The landlord brought Chinnie a fresh mug of porter. “Th-thank you,” Chinnie said, and when the man had returned to the bar he stared at Jacky out of Doyle’s eyes. “No,” he said firmly. “He wouldn’t just abandon that carcass of mine. Listen, I’ve never been vain, but that was one hell of a fine… v-vehicle, in his terms.” Chinnie was obviously maintaining his composure only with considerable effort. “Handsome, young, strong, agile… “
“—And hairy as an ape—”
“So he’ll have to shave then, won’t he?” shouted Chinnie loudly enough to make everyone else in the pub turn toward them. There were tolerant chuckles when they realized who it was.
“‘At’s right. Admirable,” called the host, “shave ‘im bald as an egg. But keep the racket down, eh?”
“And,” the blushing Chinnie went on more quietly, “there’s these places, aren’t there, where people go to have hair removed? What’s to say he’d not go to one of those?”
“I don’t think any of those places really—”
“Do you know? Have you been? You ought to, you know, that m-moustache looks like—” His voice had been rising again but abruptly he stopped, and rubbed his eyes. “I’m sorry, lad. There’s tensions involved.”
“I know.”
For a moment they just sat and drank beer.
“You say you’ve been looking for him?” said Chinnie. “Why?”
“He killed my fiancé,” Jacky said evenly.
“And what’ll you do if you find him?”
“Kill him.”
“What if he’s in my old body?”
“I’ll still kill him,” said Jacky.
“Face it, man, you won’t get the body back.”
“I’m… not resigned to that. What if I find him, and tell you where he is—will you, in return, help me get him to … switchback?”
“I can’t imagine the circumstances.”
“Never mind imagining them. Will you?”
Jacky sighed. “If you can find him, and set it up—sure, if I can be certain of killing him afterward.”
“Very well.” Chinnie reached across the table and they shook hands. “What’s your name?”
“Jacky Snapp, at one-twelve Pye Street, near Westminster Cathedral. What name are you using?”
“Humphrey Bogart. It came to me in a dream I had, the first night I was in this body.”
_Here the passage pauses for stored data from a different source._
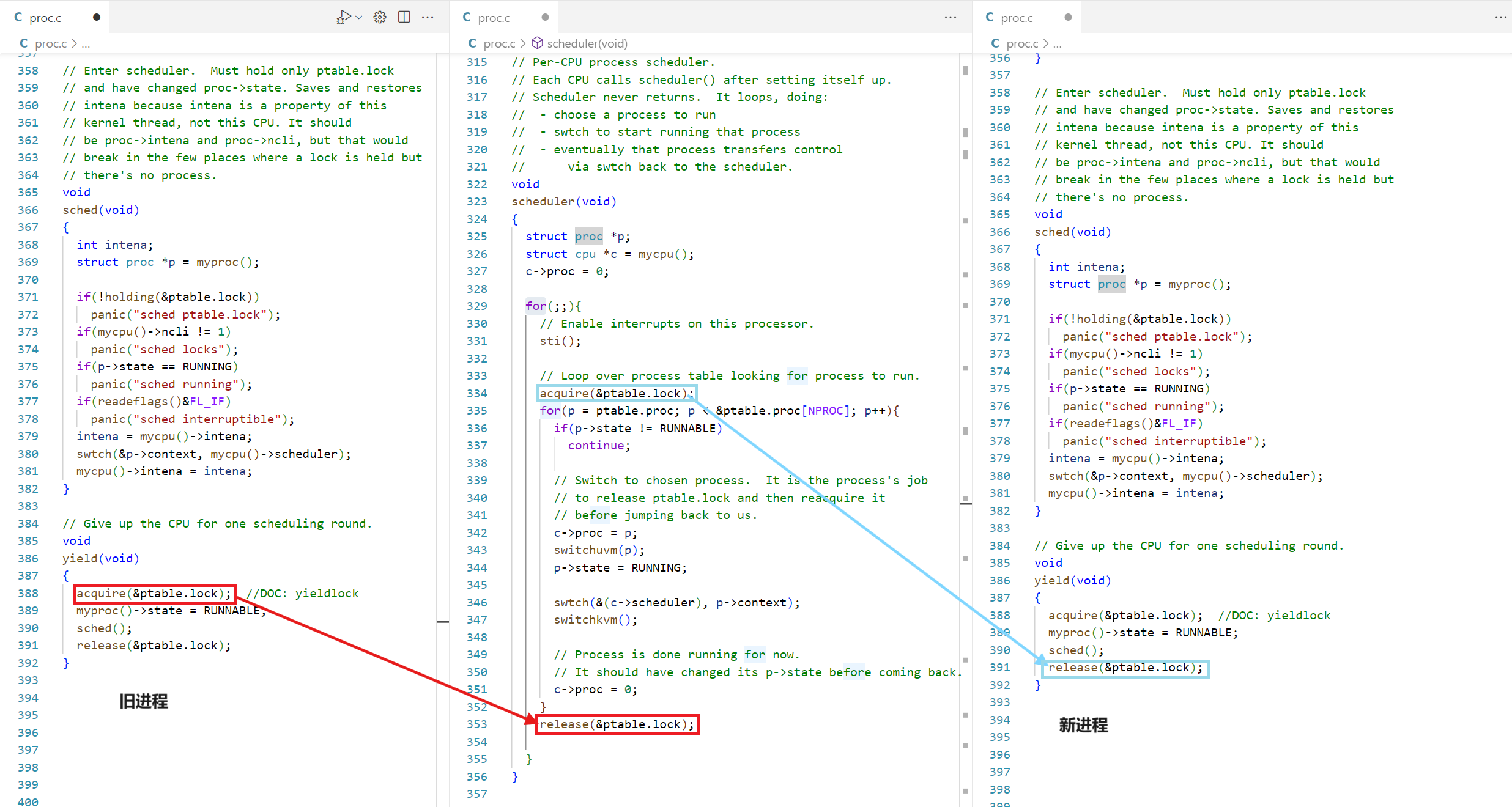 一张图片概括yield、scheduler的加锁关系。如下图,进程利用yield进入调度器时会获取ptable的自旋锁(自旋锁内部会关中断,并且将关中断之前的中断状态保存到intena中),在切换到scheduler后(可能)会由scheduler解锁。在从scheduler切换到下一个任务前,(可能)scheduler会获取ptable的自旋锁,在却换到下一个任务后,由任务进行解除ptable的自选锁,注意这里是可能,因为还有可能scheduler的内层循环还没有执行完,以至于内层循环还可以找到下一个待执行的日任务,此时ptable的锁,就是:老进程加锁,新进程解锁:
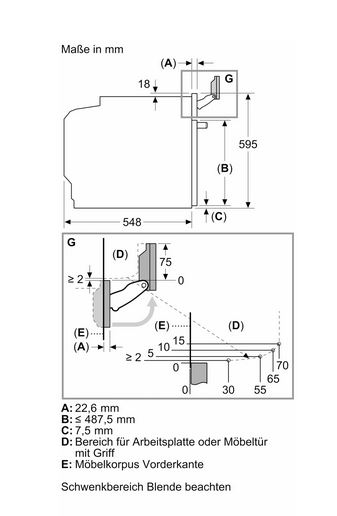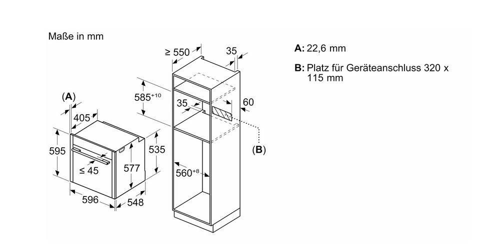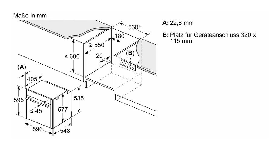 - Minimum niche dimensions for installation (H x W x D): 585-595 x 560-568 x 550 mm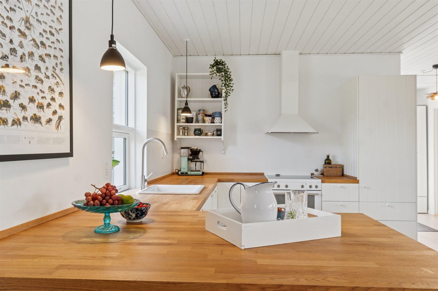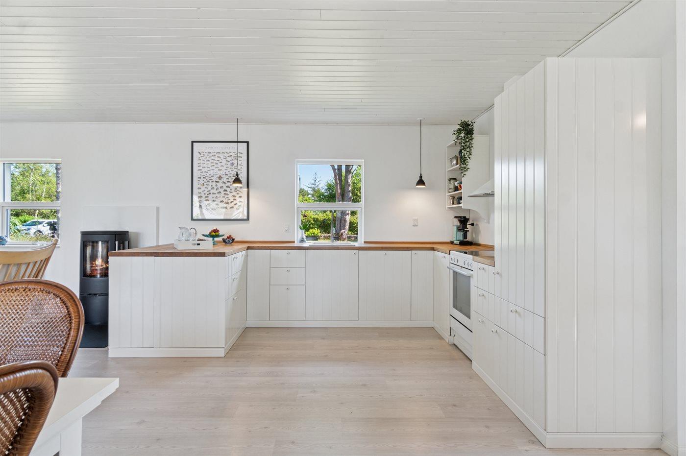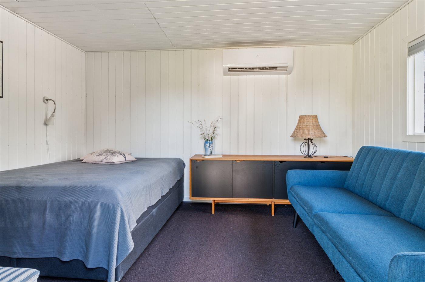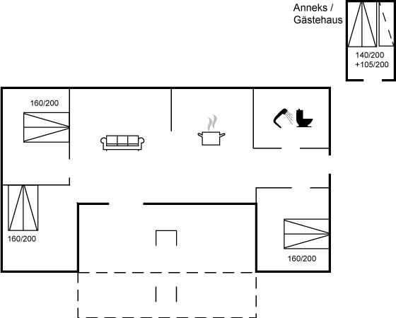 Das Haus verfügt über eine schöne Wohnküche in offener Verbindung mit dem Wohnzimmer, von dem aus man direkten Zugang zur großen Terrasse hat. Im Haupthaus befinden sich drei Schlafzimmer, die alle mit Doppelbetten ausgestattet sind. Im Annex gibt es ebenfalls ein Doppelbett sowie ein Schlafsofa (Maße: 105x200 cm). Das Badezimmer ist mit Dusche und Fußbodenheizung ausgestattet und zusätzlich gibt es eine Waschmaschine und einen Trockner.

Jacky shrugged. “It might be a name that meant something to Doyle.”
“Who cares? Anyway, you can reach me at Malk’s Bakery, St. Martin’s Lane. And if you find him, will you let me know?”
Jacky hesitated. Why should she take on a partner? Of course a strong companion could be useful, and Joe would certainly be in another body by now, so Chinnie’s concern for his ex-body’s welfare wouldn’t be a hindrance… and certainly nobody had a better claim to share in her revenge. “All right,” she said finally. “I’ll take a partner.”
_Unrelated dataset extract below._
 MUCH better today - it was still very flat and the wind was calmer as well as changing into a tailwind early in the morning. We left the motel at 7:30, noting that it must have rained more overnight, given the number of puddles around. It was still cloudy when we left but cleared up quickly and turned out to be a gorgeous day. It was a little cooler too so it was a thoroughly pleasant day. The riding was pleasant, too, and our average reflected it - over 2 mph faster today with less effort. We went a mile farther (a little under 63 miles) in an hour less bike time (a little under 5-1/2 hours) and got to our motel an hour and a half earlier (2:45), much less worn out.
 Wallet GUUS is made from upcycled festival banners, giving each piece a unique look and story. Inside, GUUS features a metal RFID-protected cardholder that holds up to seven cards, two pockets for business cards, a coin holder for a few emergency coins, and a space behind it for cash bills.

“Good lad!” They shook hands again, then Chinnie glanced at the clock. “I’d better be moving on,” he said, getting to his feet and throwing some change on the table. “The yeast is working, and time and dough wait for no man.”
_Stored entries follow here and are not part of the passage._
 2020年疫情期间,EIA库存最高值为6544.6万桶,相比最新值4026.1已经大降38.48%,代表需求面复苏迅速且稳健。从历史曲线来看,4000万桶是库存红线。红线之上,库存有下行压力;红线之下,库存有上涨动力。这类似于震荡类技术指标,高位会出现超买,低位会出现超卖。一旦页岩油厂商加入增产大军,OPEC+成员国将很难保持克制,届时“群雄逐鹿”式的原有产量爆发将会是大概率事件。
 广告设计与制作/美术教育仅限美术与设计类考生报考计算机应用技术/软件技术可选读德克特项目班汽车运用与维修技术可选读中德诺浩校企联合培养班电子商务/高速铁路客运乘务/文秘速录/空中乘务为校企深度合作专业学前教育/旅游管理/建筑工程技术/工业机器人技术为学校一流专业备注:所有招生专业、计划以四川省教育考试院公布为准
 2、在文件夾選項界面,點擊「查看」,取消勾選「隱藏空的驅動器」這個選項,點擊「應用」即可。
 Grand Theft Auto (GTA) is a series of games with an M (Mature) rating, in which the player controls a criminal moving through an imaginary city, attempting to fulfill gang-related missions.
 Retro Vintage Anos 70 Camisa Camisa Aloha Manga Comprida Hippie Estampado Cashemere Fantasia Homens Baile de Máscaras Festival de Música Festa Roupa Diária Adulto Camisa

Jacky drained her beer and got up too.
They walked together out of the pub, though the landlord tapped Chinnie on the shoulder and, when he paused, said, “You’re right about what Jackson’s moustache looks like. If I you can’t get him to shave it off, I advise you to give him an exploding cigar.”
The laughter of the patrons followed them out into the street.
* * *
On Christmas Eve the taproom at the Guinea and Bun in Crutchedfriars was already fairly crowded by three-thirty in the afternoon. Aromatically steaming cups of hot punch were being handed, free, to each patron after he’d beaten the snow from his hat, hung his cloak or coat on one of the hooks along the south wall and hurried, shivering, over to the bar.